[Records for processing]
# # # # # # #

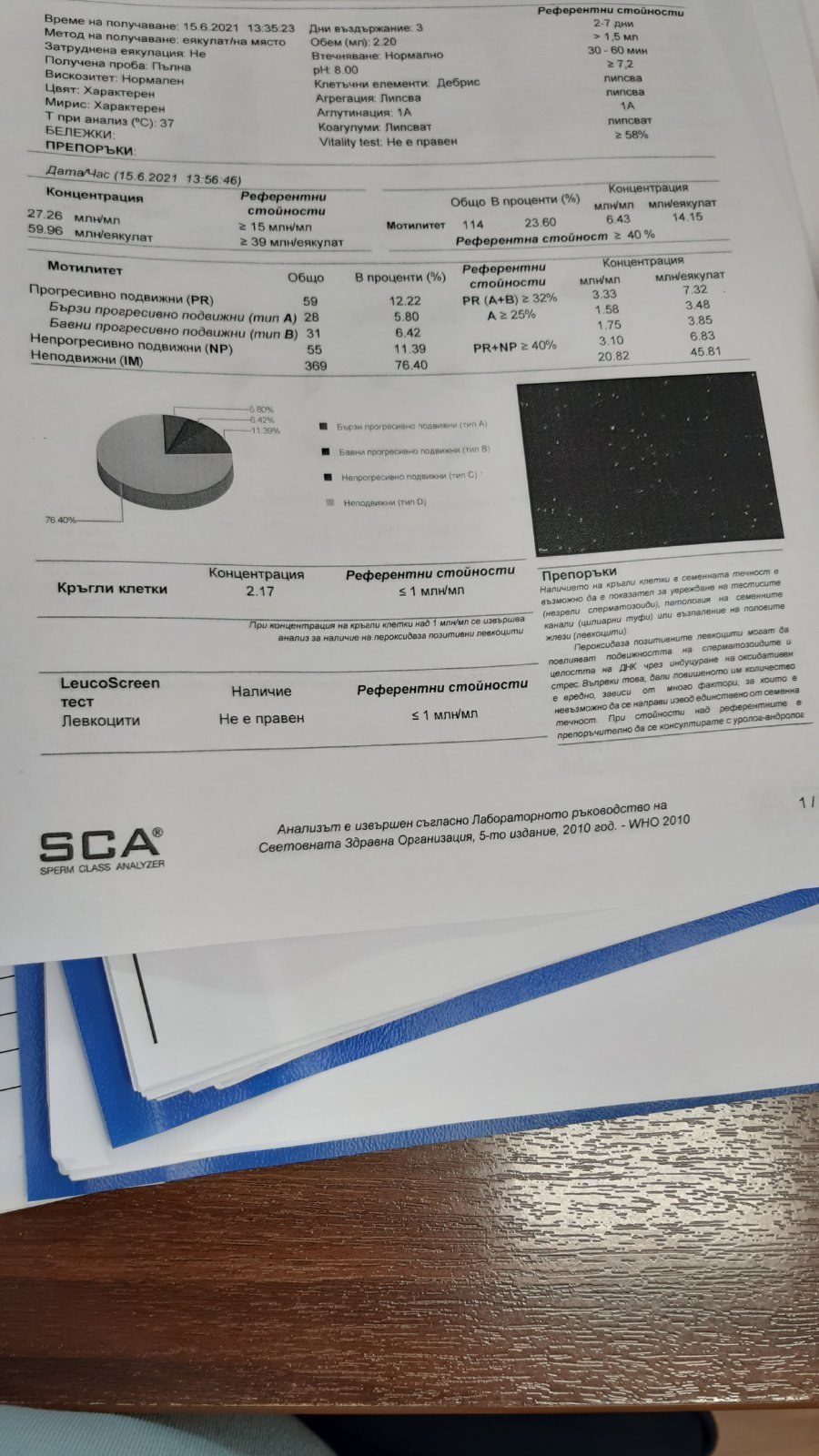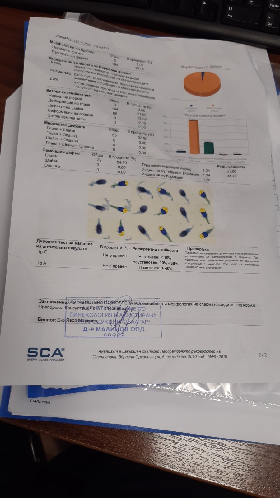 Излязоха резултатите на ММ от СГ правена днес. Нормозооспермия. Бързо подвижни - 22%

# # # # # # #

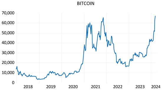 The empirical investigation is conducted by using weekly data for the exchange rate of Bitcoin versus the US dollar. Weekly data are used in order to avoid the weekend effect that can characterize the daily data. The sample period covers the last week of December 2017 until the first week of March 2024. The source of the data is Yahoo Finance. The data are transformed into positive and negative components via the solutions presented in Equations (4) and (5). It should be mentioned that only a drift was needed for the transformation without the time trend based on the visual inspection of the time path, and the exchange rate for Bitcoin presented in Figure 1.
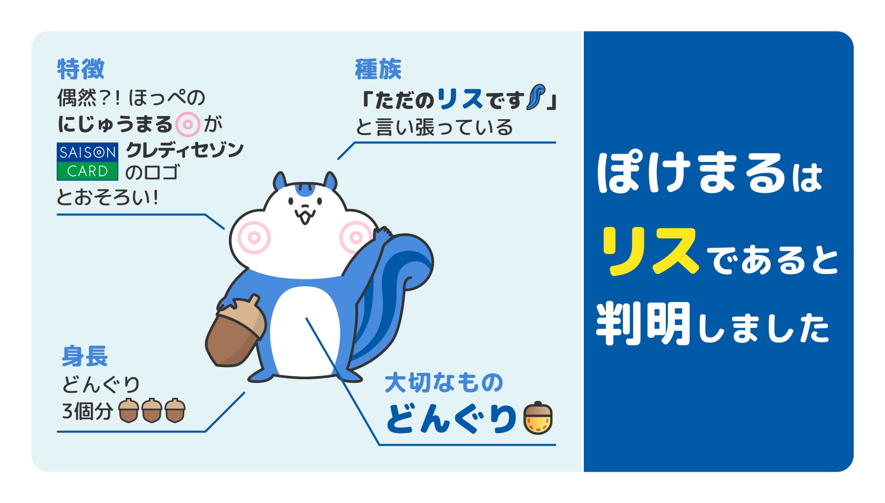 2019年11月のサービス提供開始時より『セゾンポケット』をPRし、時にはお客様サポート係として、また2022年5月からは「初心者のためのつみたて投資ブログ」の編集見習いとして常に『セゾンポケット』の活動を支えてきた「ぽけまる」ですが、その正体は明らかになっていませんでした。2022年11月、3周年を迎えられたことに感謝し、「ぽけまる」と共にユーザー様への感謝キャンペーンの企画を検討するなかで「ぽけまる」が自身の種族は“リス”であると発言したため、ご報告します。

# # # # # # #

[Work item]
Skip every picture, and restate word for word only the lines above from the line containing "The empirical investigation" to the line containing "2019年11月のサービス提", both of them included.

[Response to the exercise]
 The empirical investigation is conducted by using weekly data for the exchange rate of Bitcoin versus the US dollar. Weekly data are used in order to avoid the weekend effect that can characterize the daily data. The sample period covers the last week of December 2017 until the first week of March 2024. The source of the data is Yahoo Finance. The data are transformed into positive and negative components via the solutions presented in Equations (4) and (5). It should be mentioned that only a drift was needed for the transformation without the time trend based on the visual inspection of the time path, and the exchange rate for Bitcoin presented in Figure 1.
 2019年11月のサービス提供開始時より『セゾンポケット』をPRし、時にはお客様サポート係として、また2022年5月からは「初心者のためのつみたて投資ブログ」の編集見習いとして常に『セゾンポケット』の活動を支えてきた「ぽけまる」ですが、その正体は明らかになっていませんでした。2022年11月、3周年を迎えられたことに感謝し、「ぽけまる」と共にユーザー様への感謝キャンペーンの企画を検討するなかで「ぽけまる」が自身の種族は“リス”であると発言したため、ご報告します。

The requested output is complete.